# realtek 8185 on amd64

## beerisgoodmate

I bought this card a while ago since it was the only one I could find that was 'supported' in linux.

```
Ethernet controller: Realtek Semiconductor Co., Ltd. RTL-8185 IEEE 802.11a/b/g Wireless LAN Controller (rev 20)
```

However, it turns out that saying it has native linux drivers doesn't mean all that much.

I downloaded the source for the driver from realtek:

ftp://210.51.181.211/cn/wlan/rtl8185_linux_26.1010.0531.2006.tar.gz

And tried to install, but the compile failed:

 *Quote:*   

> /root/rtl8185_linux_26.1010.0531.2006/rtl818x-0.1/r8180_core.c: In function 'rtl8180_pci_probe':
> 
> /root/rtl8185_linux_26.1010.0531.2006/rtl818x-0.1/r8180_core.c:4031: error: 'struct net_device' has no member named 'get_wireless_stats'
> 
> make[2]: *** [/root/rtl8185_linux_26.1010.0531.2006/rtl818x-0.1/r8180_core.o] Error 1
> ...

 

I suspect this is a problem with newer kernels.  Though I don't even know if this driver supports amd64.

Anyone have this card working know what drivers I should use?

There are a few options,

I would rather not try ndiswrapper,

there are some opensource drivers for the rt8180, but again not sure if that supports amd64....

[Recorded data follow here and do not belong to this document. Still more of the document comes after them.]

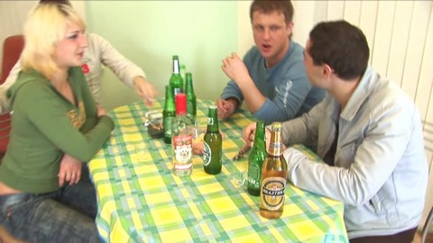 Несколько парней решили напоить слабую на передок суку, которая всегда готова трахнуться сразу с несколькими парнями.Оказалось, что не так просто споить опытную алкашку, которая поглощает алкоголь литрами и находится полностью в трезвом состоянии. Самцам приходится очень постараться и телочка тут же решает наградить их хорошим сексом, раздеваясь и показывая сиськи.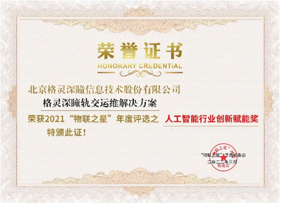 在此次物联之星评选中,格灵深瞳作为行业领先的人工智能科技公司,凭借自身在AI行业的多年积累,以及在AIoT领域的应用发展,荣获“2021中国最有影响力AIoT企业奖”!同时,格灵深瞳在轨交运维领域进行前瞻性布局,公司的轨交运维解决方案还荣获“人工智能行业创新赋能奖”!
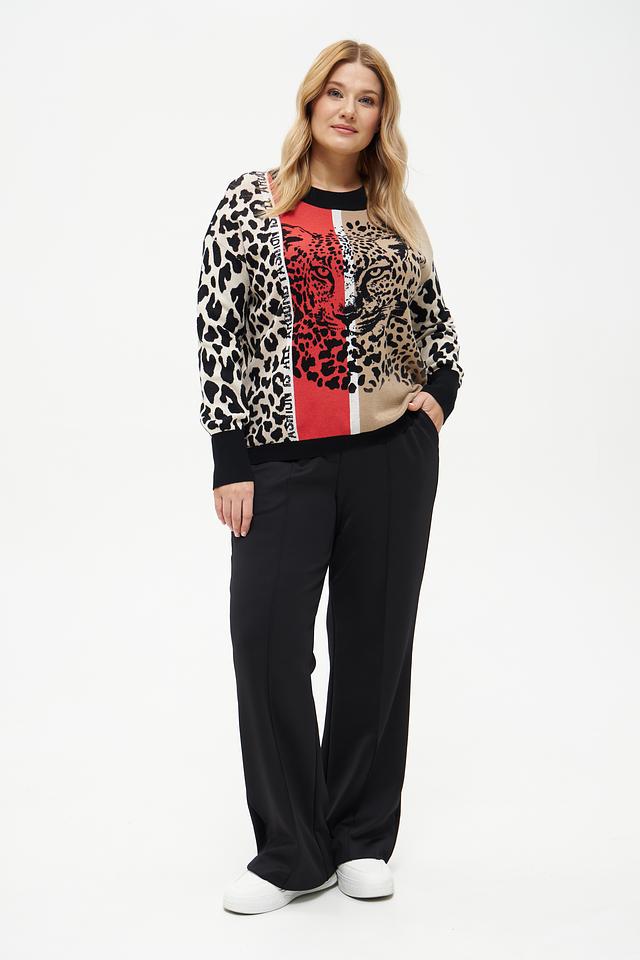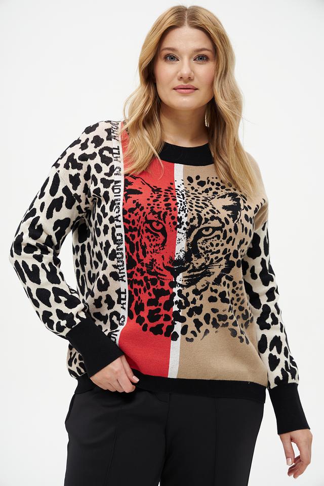 Пуловер имеет оригинальный принт, сочетающий в себе леопардовые пятна и изображение морды леопарда, а также надписи вдоль рукавов. Цветовая гамма включает в себя бежевый, чёрный и белый цвета, создавая эффектный контраст.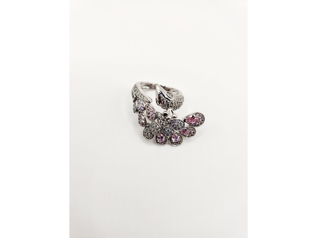Přineste do svého života nádech elegance a krásy s tímto okouzlujícím stříbrným prstenem. Jeho design zobrazuje nádherný páv, symbol krásy a moudrosti, který je ozdoben čirými a růžovými zirkony. Tento prsten je ideálním kouskem pro každou ženu, která chce vyjádřit svou osobnost a vkus.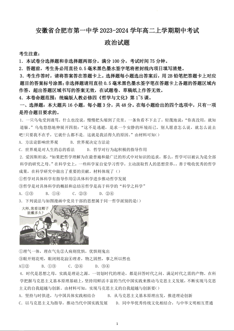 安徽省合肥市第一中学等校2023-2024学年高二上学期期中联考试题政治+答案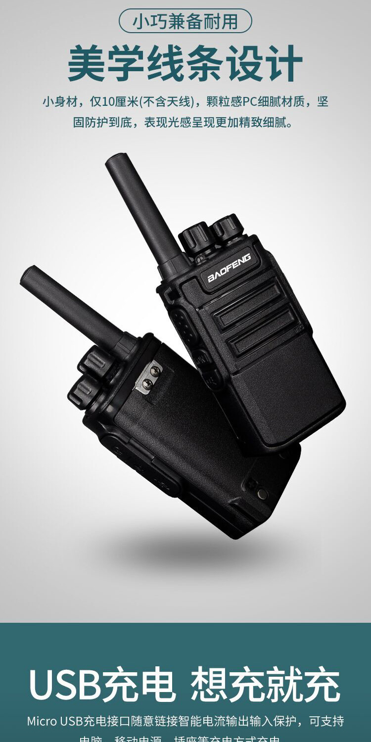 宝锋BF-M4轻薄USB充电超长待机大功率酒店建筑工地餐饮宝峰对讲机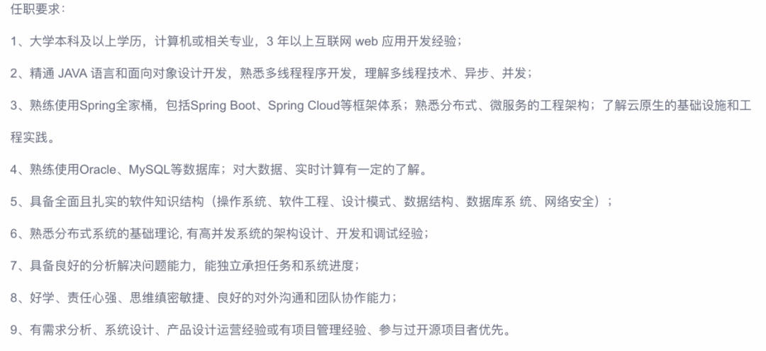 从任职要求上可以看得出,学历是第一位,然后是 Java 基础,其次是 Spring 全家桶,之后是 MySQL,然后是计算机基础知识,最后是综合素质。
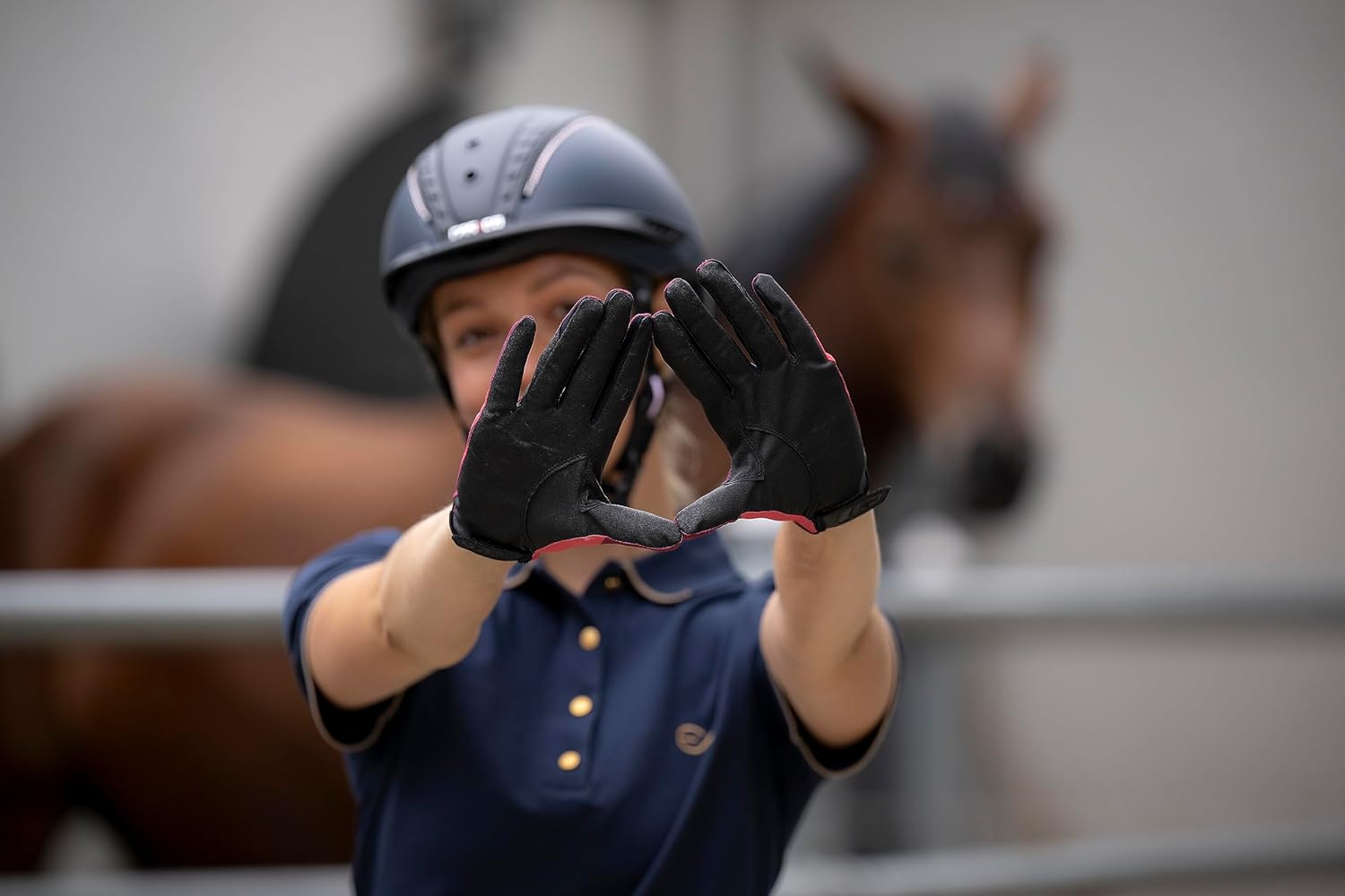 - Sicherer Griff: Die Innenhand ist aus weichem, dünnem PU-Material gefertigt, das einen sicheren Griff am Zügel ermöglicht, ohne die Taktilität und Präzision zu beeinträchtigen.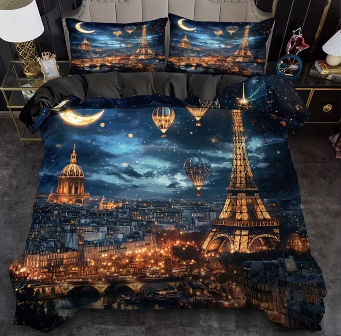 НОВЫЙ! Комплект постельного белья с 3D-принтом "ПАРИЖСКАЯ НОЧЬ С ФЕЙЕРВЕРКАМИ" НА МОЛНИИ со ЗМЕЙКОЙ 1 пододеяльник + 2 наволочки 3D Цифровая печать высокой четкости. Идеальный подарок для всей семьи и друзей. 100% дышащий полиэстер, всесезонный, машинная стирка.

http://rtl-wifi.sourceforge.net/wiki/Download

Any ideas?

Cheers

----------

## Deusexodus

I had tried to install this card once. And I couldn't succeeded, because drivers that I used works really badly on r8185. It has ran once and after, nothing. I give you what I tried and ... good luck.

 *Quote:*   

> Getting the Driver
> 
> For now on we haven't made a release so you must check the sources out of the Subversion directory.
> 
> $ svn co https://rtl-wifi.svn.sourceforge.net/svnroot/rtl-wifi rtl-wifi
> ...

 

----------

## beerisgoodmate

thanks,

I gave that a go, but I get this when using insmod

```
insmod: error inserting 'ieee80211/ieee80211_crypt-rtl.ko': -1 Invalid module format

```

***************************

edit: scratch that.  After a bit of playing I realized that I had the ieee80211 modules compiled into the kernel.  Removing them fixes the insmod problem.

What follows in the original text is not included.